Extremely odd behavior

rknralf

Arachnolord
Old Timer
Joined
Jul 19, 2002
Messages
663
Last night as I was feeding my adult tarantulas, I had a very interesting thing happen. One of my Chilean Rose tarantulas, who is a tremendous eater (She's never turned down a cricket) was in her hide when I put the cricket in the enclosure. She immediately grabbed it, and I thought that was it for Mr. cricket. After a couple minutes, she came out of her hide with the cricket still in her fangs, and walked over to her water bowl. She then gently placed the cricket down next to the water bowl and walked back into her hide.
Now here's the odd part. The cricket was unharmed! She carried it like a mother cat carries a young kitten! There was no struggle, and she was very gentle about setting it down!
I'm stunned! Especially with the way she eats!
Has anyone else ever experienced this?
 

Vys

Arachnoprince
Old Timer
Joined
Sep 22, 2002
Messages
1,560
Haha, cool.

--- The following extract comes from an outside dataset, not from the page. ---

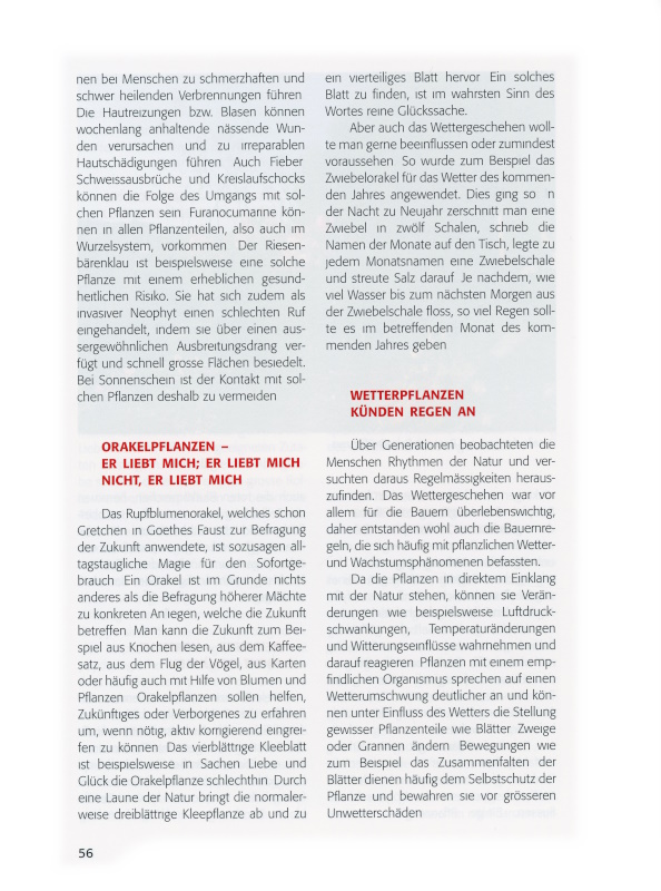 Das Rupfblumenorakel, welches schon Gretchen in Goethes Faust zur Befragung der Zukunft anwendete, ist sozusagen alltagstaugliche Magie für den Sofortgebrauch. Ein Orakel ist im Grunde nichts anderes als die Befragung höherer Mächte zu konkreten Anliegen, welche die Zukunft betreffen. Man kann die Zukunft zum Beispiel aus Knochen lesen, aus dem Kaffeesatz, aus dem Flug der Vögel, aus Karten oder häufig auch mit Hilfe von Blumen und Pflanzen. Orakelpflanzen sollen helfen, Zukünftiges oder Verborgenes zu erfahren um, wenn nötig, aktiv korrigierend eingreifen zu können. Das vierblättrige Kleeblatt ist beispielsweise in Sachen Liebe und Glück die Orakelpflanze schlechthin. Durch eine Laune der Natur bringt die normalerweise dreiblättrige Kleepflanze ab und zu ein vierteiliges Blatt hervor. Ein solches Blatt zu finden, ist im wahrsten Sinn des Wortes reine Glückssache.
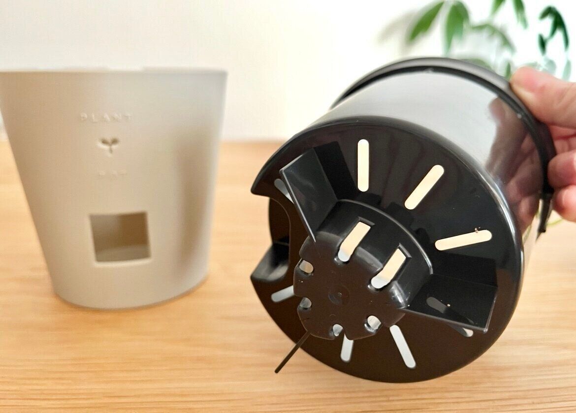 そして外側の鉢の底には適度に水を貯められるスペースがあり、内側の鉢の底には穴と段差があります。つまり外側の鉢に貯まった水を、内側の鉢の穴から適量吸い上げることにより、自動で植物に水を安定的に与えられるようになるようです。

No idea what it means though :/
 

Tangled WWWeb

Arachnodemon
Old Timer
Joined
Nov 4, 2002
Messages
706
Originally posted by rknralf
Last night as I was feeding my adult tarantulas, I had a very interesting thing happen. One of my Chilean Rose tarantulas, who is a tremendous eater (She's never turned down a cricket) was in her hide when I put the cricket in the enclosure. She immediately grabbed it, and I thought that was it for Mr. cricket. After a couple minutes, she came out of her hide with the cricket still in her fangs, and walked over to her water bowl. She then gently placed the cricket down next to the water bowl and walked back into her hide.
Now here's the odd part. The cricket was unharmed! She carried it like a mother cat carries a young kitten! There was no struggle, and she was very gentle about setting it down!
I'm stunned! Especially with the way she eats!
Has anyone else ever experienced this?
I have never witnessed that sort of behavior with crickets. I see it quite often with pinkies, however.
 

Joy

Priestess of Pulchra-tude
Old Timer
Joined
Oct 12, 2002
Messages
902
Re: Re: Extremely odd behavior

Originally posted by JP version 1.0
I have never witnessed that sort of behavior with crickets. I see it quite often with pinkies, however.
Same here.

Joy
 

MMAFogg

Arachnosquire
Joined
Dec 26, 2011
Messages
97
Well... seeing as we are all here....

Ever find out any more on this??

My MM G.rosea spent about 8 hours holding a Locust befor he decided to acctualty bite it, but iv never seen anything like that befor.
 

Crysta

Arachnoprince
Old Timer
Joined
Feb 18, 2005
Messages
1,475
Well if they never turn down a cricket, and are known to fast, maybe that day they where not hungry. Why kill and waste food when it can liver longer while it doesn't rot away from envenomation, woo so they put it back outside, like they would their 'bolus'

My rosea did it often, and my P. pulcher does the same thing.